In the eyes of the application program ape, the C-language method of writing memory, as follows:
struct mystr * PTR;
ptr = malloc (sizeof (*PTR));
Ptr->filda= ' abc ';
ptr->fildb=89;
However, if it is a system program, no malloc, even need to design your own malloc, how to write memory?
Below for everyone to show a technology, this technology is more bloody and violent, not suitable for children.

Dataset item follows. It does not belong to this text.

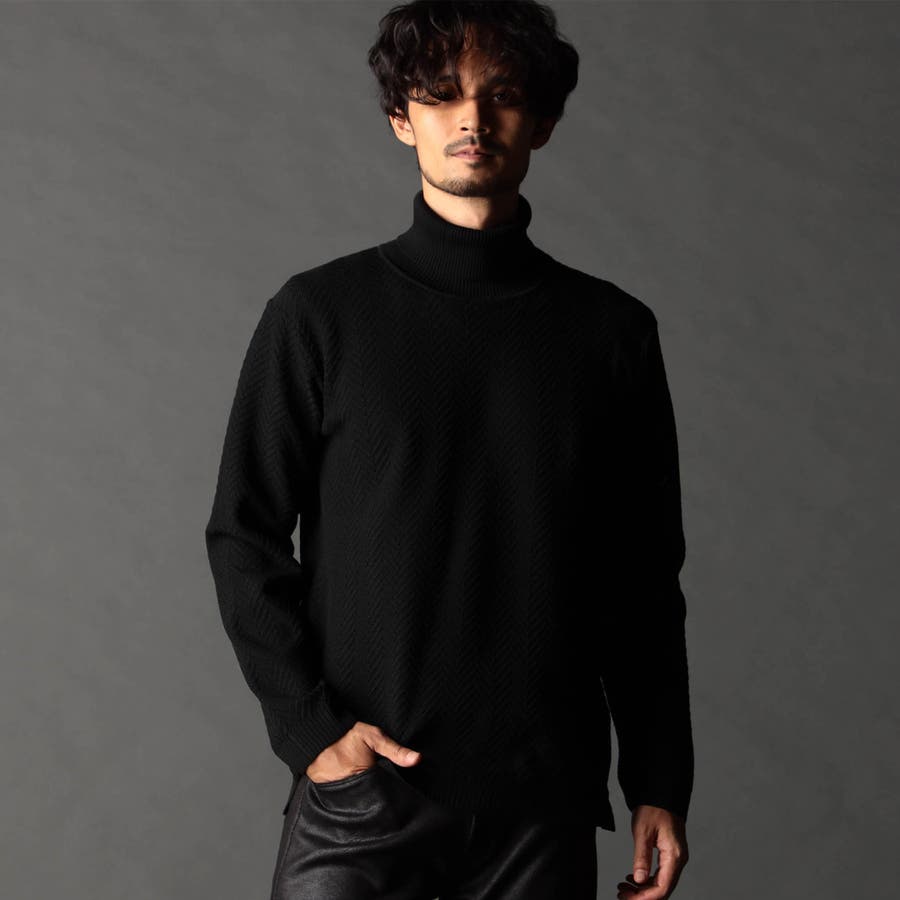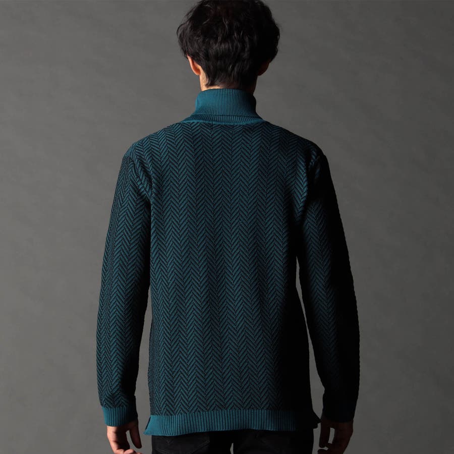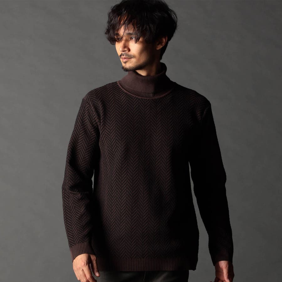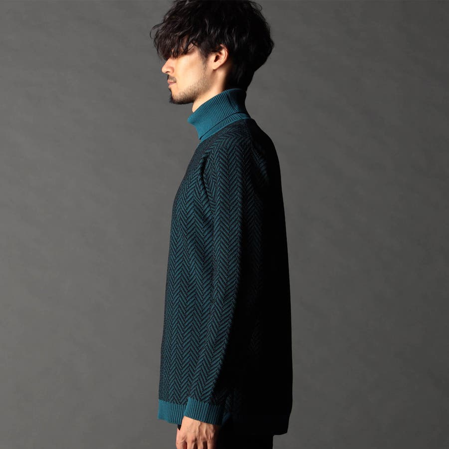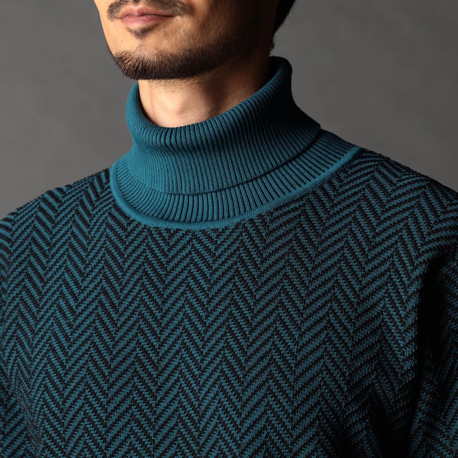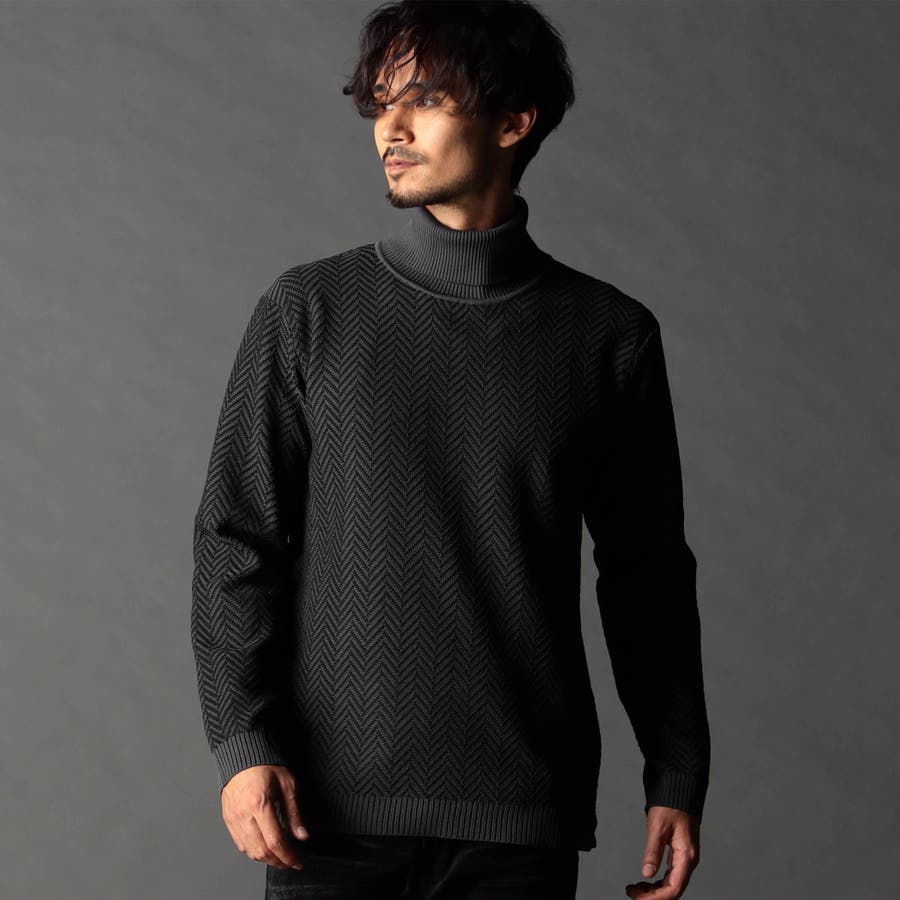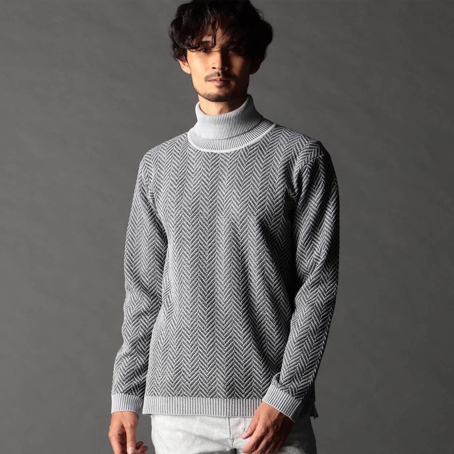 身頃部分の大き目なヘリンボン柄がインパクトのあるタートルネックニット。カフス、衿部分を総針リブにする事で全体の印象を引き締めています。

Children over the age of 18 can continue to watch.
1 #include
2 #include
3
4 struct STR1 {
5 int i;
6 Char J;
7};
8
9 int main () {
struct str1 * PTR1;
One ptr1 = malloc (sizeof (*PTR1));
((int*) ptr1) = 23;
((char*) ((int*) PTR1 + 1)) = ' a ';
14
printf ("Now Ptr1->i Is:%dn", ptr1->i);
printf ("Now Ptr1->j Is:%dn", ptr1->j);
17
return 0;
19}
A daring little boy's shoes guess, ptr1->i is how much?
Yes, the output is this:
[Root@localhost ~]#./memwrite
Now Ptr1->i is:23
So, how much is ptr1->j?
If you know the answer, then why would he be the result?
If you haven't read it, add my QQ number.
If you understand the core principles of this hack, it's easy to read the Linux kernel's paging management, swap technology, etc.